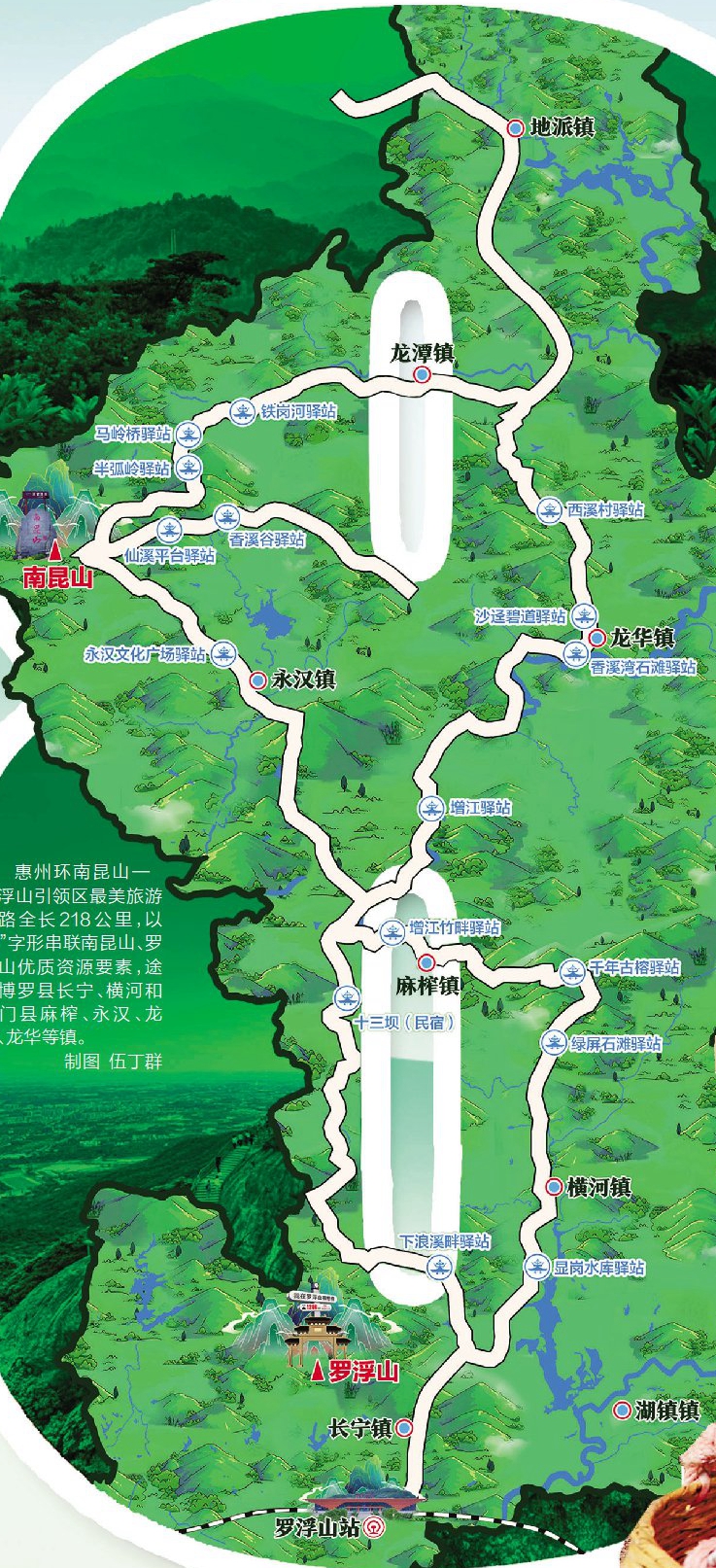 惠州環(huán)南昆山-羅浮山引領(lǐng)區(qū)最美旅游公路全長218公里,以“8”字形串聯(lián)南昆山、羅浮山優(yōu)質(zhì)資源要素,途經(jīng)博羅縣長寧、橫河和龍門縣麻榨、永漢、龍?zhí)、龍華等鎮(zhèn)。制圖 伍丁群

● ● ● ●

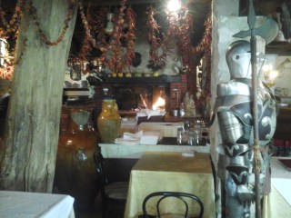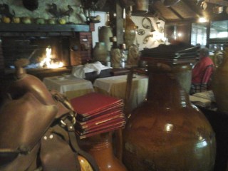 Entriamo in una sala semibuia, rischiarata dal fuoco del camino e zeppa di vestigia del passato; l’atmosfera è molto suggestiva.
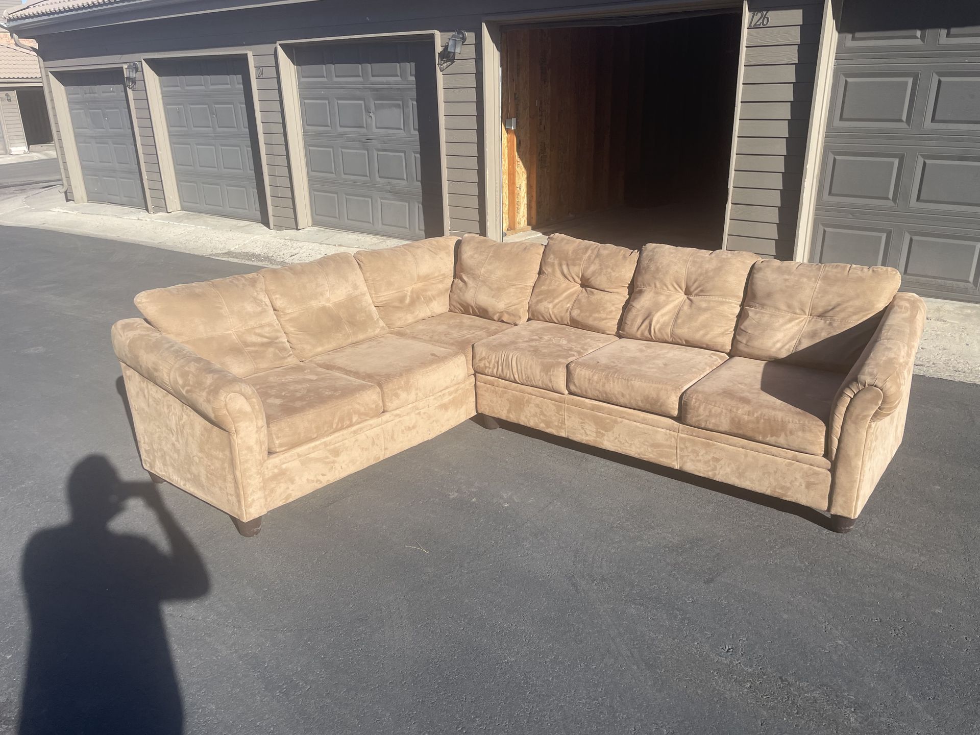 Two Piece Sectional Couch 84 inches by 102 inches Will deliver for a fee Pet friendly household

● ● ● ●

| ASSIGNMENT |
Using the material above, reproduce only the lines that run from the line with "Entriamo in una" up to and including the line with "Two Piece Sectional", exactly, with the pictures dropped.

| REPLY |
 Entriamo in una sala semibuia, rischiarata dal fuoco del camino e zeppa di vestigia del passato; l’atmosfera è molto suggestiva.
 Two Piece Sectional Couch 84 inches by 102 inches Will deliver for a fee Pet friendly household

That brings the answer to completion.